The changing face of globalization and climate change
The current situation is yet another opportunity for the naysayers of globalization to harp upon the risks of globalization. A disease that started from one part of China has reached to every continent except Antarctica thanks to globalization and an interconnected world. While globalization has endured many attacks on it and will continue to do so, the epidemic calls for a changed model of globalization that is able to battle its vulnerabilities in a better way, while at the same time delivering its benefits to businesses and regions alike.
Historian and philosopher Yuval Noah Harari rightly says, “Many people blame the coronavirus epidemic on globalization, and say that the only way to prevent more such outbreaks is to de-globalize the world. Build walls, restrict travel, reduce trade. However, while short-term quarantine is essential to stop epidemics, long-term isolationism will lead to economic collapse without offering any real protection against infectious diseases. Just the opposite. The real antidote to epidemic is not segregation, but rather cooperation.”
In particular, the epidemic is a direct call for economies and businesses to pay more heed to climate change. Scientists are increasingly finding that deforestation and climate change are facilitating the rise of zoonotic diseases as deforestation drives wild animals out of their natural habitats and closer to human populations, creating a greater opportunity for zoonotic diseases. Hence it is becoming more and more important for the business to balance business outcomes with nature in order to limit the havoc wrecked by such epidemics.
What’s needed right now is a mindset change.
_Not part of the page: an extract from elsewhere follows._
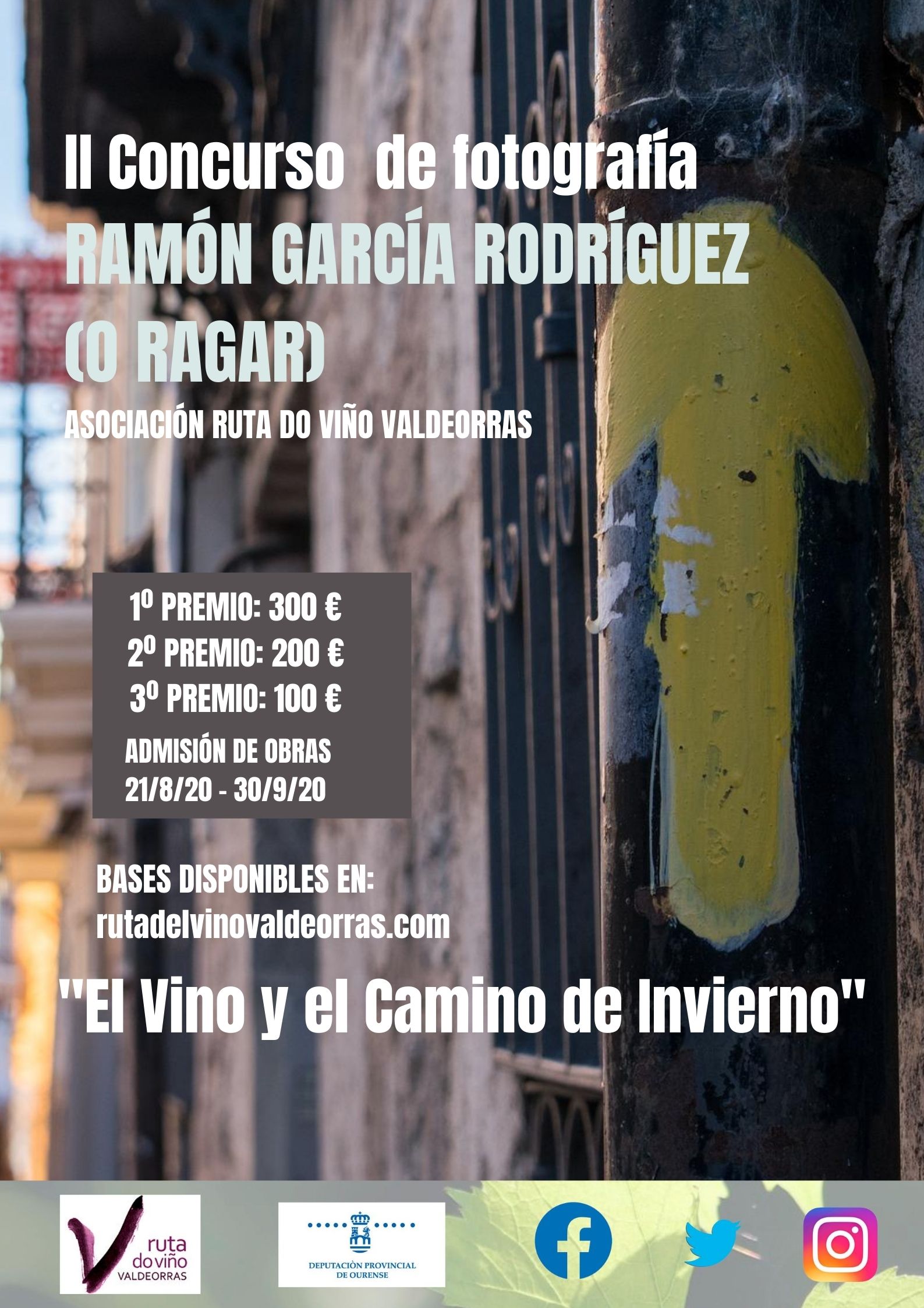 La Ruta del Vino de Valdeorras, convoca, con el patrocinio de la Diputación de Ourense, el II Concurso de Fotografía de la Asociación Ruta do Viño de Valdeorras Ramón García Rodríguez más conocido como “O RAGAR”. Es alguién que forma parte de la historia de este lugar y muy vinculado al mundo de la fotografía. La primera cámara que conoce es la de su padre. A los 18 años cuando va a la mili en el cuerpo de paracaidistas aprovecha para hacer un curso de fotografía. Tenemos ante nosotros un autodidacta que sabe sacar a luz lo mejor de cada oficio que realizó a lo largo de su vida, gran lector, amante de la buena música y de una conversación siempre cargada de sabiduría. Tuvo la fortuna de convivir con su abuelo de Petín y con un maestro que le dio clases nocturnas. Después Valdeorras tuvo el placer de de que o RAGAR se entregará a la labor de recuperar o Camiño de Inverno siendo el fundador de la Asociación de Amigos do Camiño de Santiago por Valdeorras.

A mindset change that values work from home can lead to a positive impact on climate change as one less vehicle on the road means less pollution. It also means more productivity. Governments, businesses, employees-all need to come together to take steps in order to build sustainable businesses and ecosystems and leverage technology and talent globally to maximize productivity and well-being yet at the same time minimizing damage to our vulnerable natural ecosystems.
It may be the darkest hour of our life, yet there is an opportunity to emerge out of it with a more evolved and agile mindset and an improved way of working and living, one that does not endanger life on and of the planet.